== Dataset section ==
_ _ _ _ _ _ _
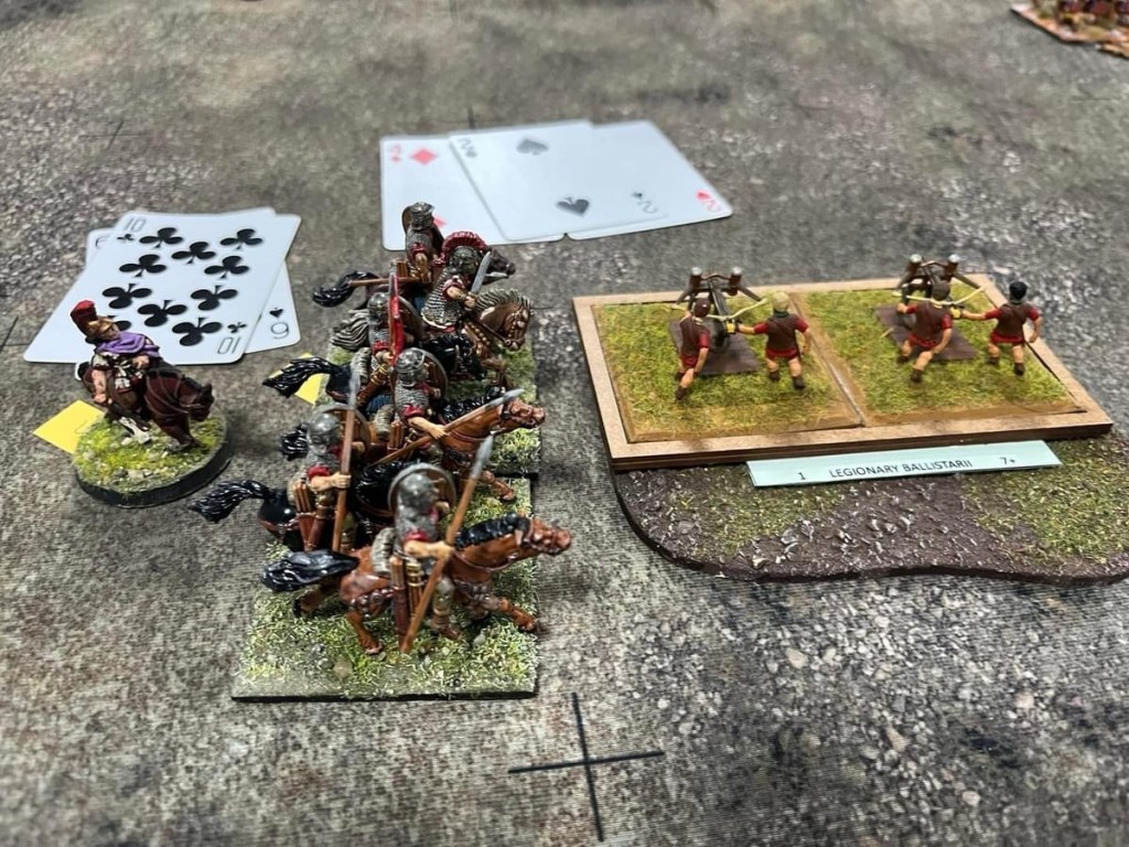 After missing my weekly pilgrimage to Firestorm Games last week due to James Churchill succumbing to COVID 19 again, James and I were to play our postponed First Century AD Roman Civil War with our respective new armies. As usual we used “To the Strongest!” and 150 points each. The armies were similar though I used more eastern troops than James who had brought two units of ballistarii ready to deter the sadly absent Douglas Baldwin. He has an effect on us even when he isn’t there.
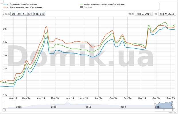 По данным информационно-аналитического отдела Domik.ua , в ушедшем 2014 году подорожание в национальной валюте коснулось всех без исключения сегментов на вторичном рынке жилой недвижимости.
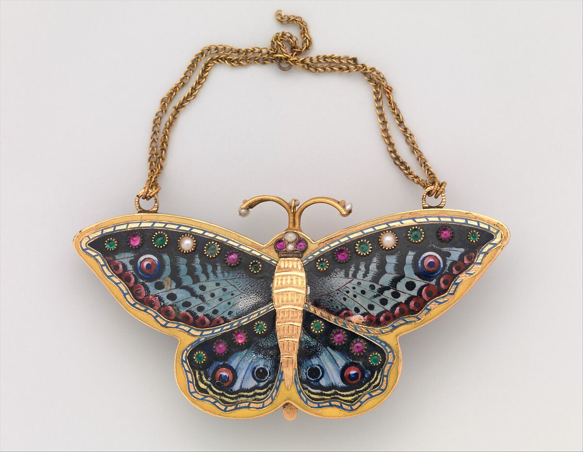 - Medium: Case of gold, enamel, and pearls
_ _ _ _ _ _ _
Everything from the line containing "По данным информационно-аналитического" to the last line of the listing above must be reproduced exactly, with no pictures included.

== Expected output ==
 По данным информационно-аналитического отдела Domik.ua , в ушедшем 2014 году подорожание в национальной валюте коснулось всех без исключения сегментов на вторичном рынке жилой недвижимости.
 - Medium: Case of gold, enamel, and pearls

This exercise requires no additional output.